Дантес отпрянул и со страхом взглянул на аббата.
– Невероятно! – воскликнул он. – Как этот почерк похож на тот!
– Донос написан левой рукой. А я сделал любопытное наблюдение, – продолжал аббат.
– Какое?
– Все почерки правой руки разные, а почерки левой все похожи друг на друга.
– Всё-то вы изучили!.. Всё знаете!
– Будем продолжать.
– Да, да.
– Перейдём ко второму вопросу.
– Я слушаю вас.
– Нужно ли было кому-нибудь, чтобы вы не женились на Мерседес?
– Да, одному молодому человеку, который любил её.
– Его имя?
– Фернан.
– Имя испанское.
– Он каталанец.
– Считаете ли вы, что он мог написать донос?
– Нет, он ударил бы меня ножом, только и всего.
– Да, это в испанском духе: убийство, но не подлость.
– Да он и не знал подробностей, описанных в доносе.
– Вы никому их не рассказывали?
– Никому.
– Даже невесте?
– Даже ей.
– Так это Данглар.
– Теперь я в этом уверен.
– Постойте… Знал ли Данглар Фернана?
– Нет… Да… Вспомнил!
– Что?
– За день до моей свадьбы они сидели за одним столом в кабачке старика Памфила. Данглар был дружелюбен и весел, а Фернан бледен и смущён.
– Их было только двое?
– Нет, с ними сидел третий, мой хороший знакомый: он-то, верно, и познакомил их… портной Кадрусс. Но он был уже пьян… Постойте… постойте… Как я не вспомнил этого раньше! На столе, где они пили, стояла чернильница, лежала бумага, перья. (Дантес провёл рукою по лбу.) О! Подлецы, подлецы!

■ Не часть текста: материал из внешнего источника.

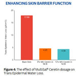 Incorporating MultiSal® Ceretin into formulations has shown remarkable results in clinical testing. When used in a natural cream base at 5% and 10% concentrations, it demonstrated a 400% improvement in skin barrier function by reducing trans-epidermal water loss (TEWL) and retaining moisture. Additionally, hydration levels in the stratum corneum increased by up to 33%, showcasing its ability to promote healthier, more youthful-looking skin.
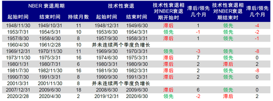 从历史经验看,“技术性衰退”通常都意味着NBER定义真正衰退也会出现,但反之并不成立。1948年以来NBER定义的衰退总计12次、实际GDP连续两个季度负增长的技术性衰退总计10次。可以看出,每次技术性衰退均对应NBER衰退,但反之并不必然。

– Хотите знать ещё что-нибудь? – спросил аббат с улыбкой.
– Да, да, вы так всё разбираете, так ясно всё видите. Я хочу знать, почему меня допрашивали только два раза, почему меня обвинили без суда?
– Это уже посложнее, – сказал аббат. – Пути правосудия темны и загадочны, в них трудно разобраться. Проследить поведение обоих ваших врагов – это было просто детской игрой, а теперь вам придётся дать мне самые точные показания.
– Извольте, спрашивайте. Вы поистине лучше знаете мою жизнь, чем я сам.
– Кто вас допрашивал? Королевский прокурор, или его помощник, или следователь?
– Помощник.
– Молодой, старый?
– Молодой, лет двадцати семи.
– Так, ещё не испорченный, но уже честолюбивый, – сказал аббат – Как он с вами обращался?
– Скорее ласково, нежели строго.
– Вы всё ему рассказали?
– Всё.
– Обращение его менялось во время допроса?
– На одно мгновение, когда он прочёл письмо, служившее уликой против меня, он, казалось, был потрясён моим несчастьем.
– Вашим несчастьем?
– Да.
– И вы уверены, что он скорбел именно о вашем несчастье?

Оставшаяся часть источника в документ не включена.